Scottish footballer (born 1947)

Alexander Begg Allan (born 29 October 1947) is a Scottish former professional footballer. During his career, he made over 50 appearances in the Football League.

After attracting attention as an amateur player, he signed for Cardiff City in 1967 and made his professional debut soon after. However, a broken ankle and strong competition for places limited him to nine league appearances over three seasons. During his time with Cardiff, he became the first player to score a headed hat-trick in a European competition during a match against Mjøndalen IF in 1969.
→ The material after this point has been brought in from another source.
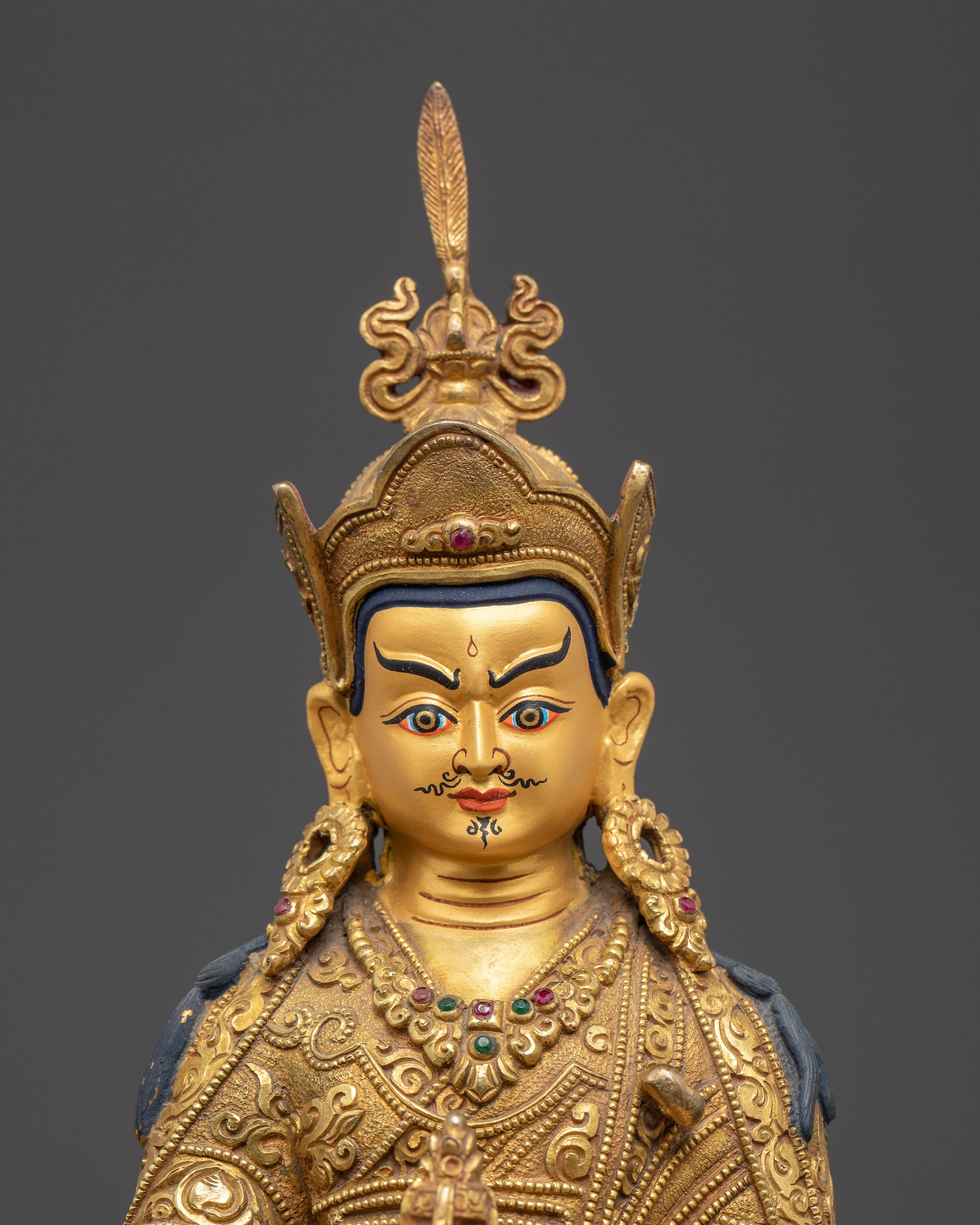 The Padmasambhava Tibetan Sculpture, also known as the Lotus-Born Master, stands at 9.1 inches (23 cm) in height with a 5.9-inch (15 cm) base and weighs 1.36 kilograms. Made from copper, covered with a triple layer of 24K gold gilding, and carved with deeply engraved carvings that produce a magnificent 3D-like effect. This sculpture, adorned with hand-carved gemstones, handcrafted by expert Nepalese artisans, elegantly symbolizes Himalayan Buddhism's sacred traditions, making it an appropriate addition to altars, meditation places, or sacred collections.

He moved to Bristol Rovers in 1970 for £12,500, scoring 18 league goals in 57 appearances. After a brief loan spell with Swansea City in 1973, he moved to South Africa.

==Early life==
Born in Forfar, Allan grew up in the village of Killiecrankie. At the age of fifteen, he began working in a mine alongside his father in the nearby town of Tullibody. However, after three months, the family relocated to Yorkshire.

==Career==
===Early career===
Allan began his football career as an amateur, featuring for Barnsley and Doncaster Rovers. He was offered a part-time contract with Welsh side Rhyl, managed by Albert Dunlop, who were playing in the Cheshire League. He developed a reputation as a prolific goalscorer for Rhyl, earning himself the nickname "The Boy with the Golden Boots". His form attracted attention from several clubs and Dunlop personally travelled with Allan in an attempt to secure a transfer. The pair later met Tony Kay, who warned Allan that Dunlop was using the transfer as a way of making money for himself. Allan instead returned to Rhyl where the chairman confirmed the suspicions and instead contacted Cardiff City.

===Cardiff City===
After impressing manager Jimmy Scoular, Allan joined Cardiff in 1967 for a fee of £12,500. He made his professional debut for the club on 19 August 1967, the opening day of the 1967–68 season, in a 1–1 draw with Plymouth Argyle. In his second appearance a month later, Allan suffered a broken ankle. After an extended period out, he made his return to the first team over a year later, scoring his first senior professional goal during a 2–0 victory over Bury. Despite scoring eight times in eleven matches during a tour of Mauritius and Zambia on his return, Allan found first team opportunities limited due to the presence of several senior forwards at the club, including John Toshack, Brian Clark and Bobby Brown. Allan later stated that he was largely overlooked as "Jimmy Scoular, thought the club could sell John Toshack and kept playing him."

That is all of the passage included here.